In the following example, "baseJob" is an abstract
Job
definition that defines only a list of
listeners. The Job
"job1" is a concrete
definition that inherits the list of listeners from "baseJob" and merges
it with its own list of listeners to produce a
Job
with two listeners and one
Step
, "step1".
<job id="baseJob" abstract="true"> <listeners> <listener class="com.ListenerOne"/> <listeners> </job> <job id="job1" parent="baseJob3"> <step id="step1" parent="standaloneStep"/> <listeners merge="true"> <listener class="com.ListenerTwo"/> <listeners> </job>
Please see the section on Inheriting from a Parent Step for more detailed information.

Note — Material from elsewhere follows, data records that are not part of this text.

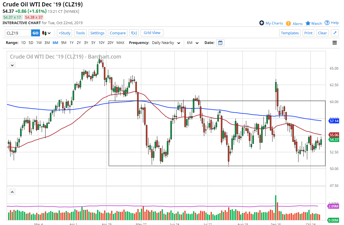 The West Texas Intermediate Crude Oil markets have rallied a bit during the trading session on Tuesday, as we continue to build a bit of a base between the $52.50 level and the $55 level. This is an area that can cause quite a bit of noise, as seen on the short-term charts. That being said though, it’s very likely that the market will eventually find a catalyst to break higher. During the Tuesday session, we did start to see the first rumblings of something that could in fact come into the picture.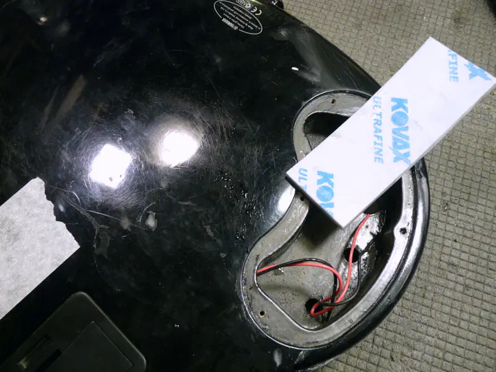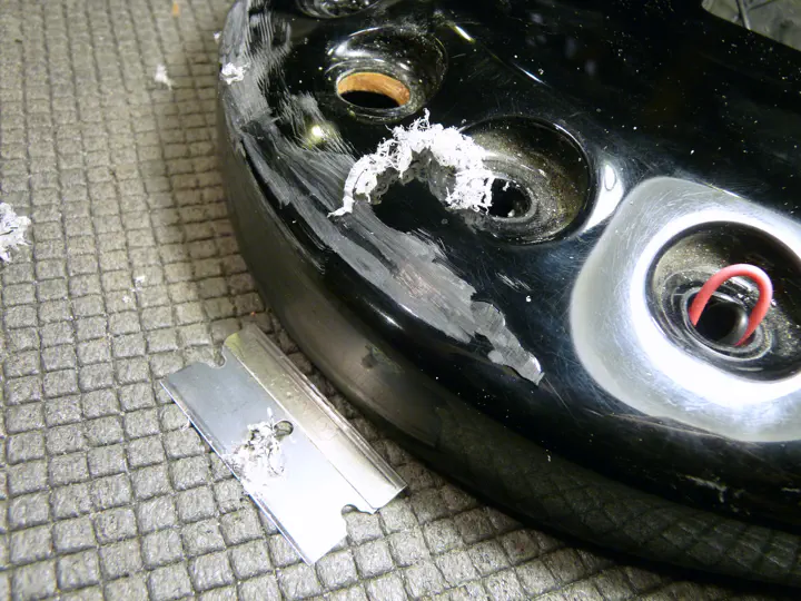 При мелкой шлифовке (порядка P400) становятся заметны переходы между слоями родного ЛКП. Избежать их трудно, если не невозможно, - хотя бы потому что склеенные куски чуть расходятся, и от этого никуда не деться. На фото хорошо заметна линия склейки.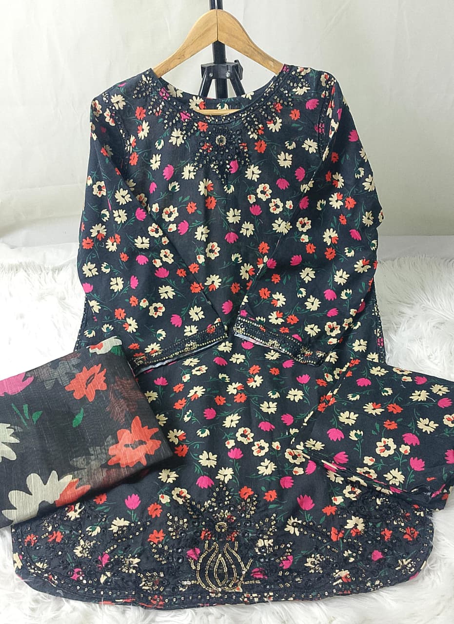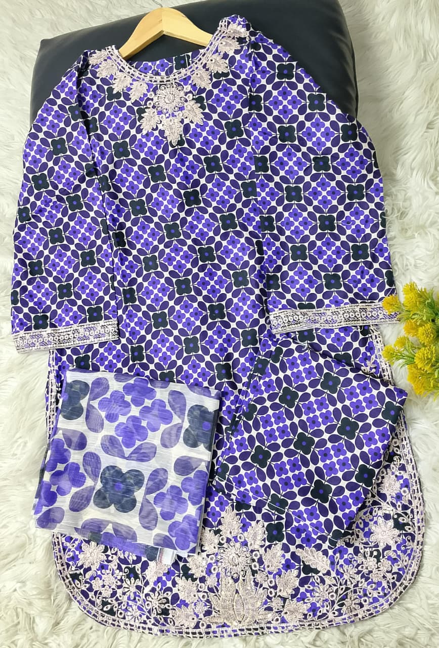 Printed front with embroidered Panel, Printed Back Panel, Ban With A Placket And Bot Neckline, Full Sleeves, printed trouser and dupatta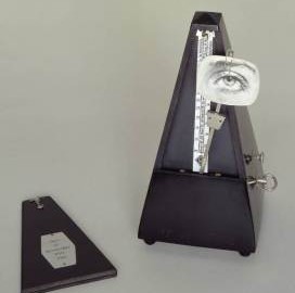 Man Ray’s Indestructible Object featuring a photograph of his lover, also model and photojournalist, Lee Miller’s eye on the metronome
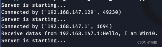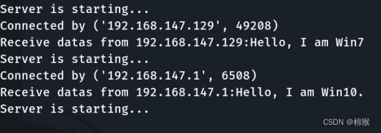 从图2中可以看出,经过改良后的服务端,可以和IP地址为“192.168.147.129”的Win7通信,也可以与IP地址为“192.168.147.1”的Win10通信。通信完成后,继续等待其它客户端的连接。

Unlike many traditional Spring applications, many of the
components of a batch application are stateful; the file readers and
writers are obvious examples. The recommended way to deal with this is
to create a fresh ApplicationContext
for each job
execution. If the Job
is launched from the
command line with CommandLineJobRunner
, this is
trivial. For more complex launching scenarios where jobs are executed in
parallel or serially from the same process, some extra steps have to be
taken to ensure that the ApplicationContext
is
refreshed. This is preferable to using prototype scope for the stateful
beans because then they would not receive lifecycle callbacks from the
container at the end of use. (e.g. through destroy-method in XML)
The strategy provided by Spring Batch to deal with this scenario
is the JobFactory
, and the samples provide an
example of a specialized implementation that can load an
ApplicationContext
and close it properly when the
job is finished. A relevant examples is
ClassPathXmlApplicationContextJobFactory
and its
use in the adhoc-job-launcher-context.xml
and the
quartz-job-launcher-context.xml
, which can be found in the
Samples project.
As described in earlier, the JobRepository
is
used for basic CRUD operations of the various persisted domain objects
within Spring Batch, such as JobExecution
and
StepExecution
. It is required by many of the major
framework features, such as the JobLauncher
,
Job
, and Step
. The batch
namespace abstracts away many of the implementation details of the
JobRepository
implementations and their
collaborators. However, there are still a few configuration options
available:
<job-repository id="jobRepository" dataSource="dataSource" transactionManager="transactionManager" isolation-level-for-create="SERIALIZABLE" table-prefix="BATCH_" />
None of the configuration options listed above are required except the id. If they are not set, the defaults shown above will be used. They are shown above for awareness purposes.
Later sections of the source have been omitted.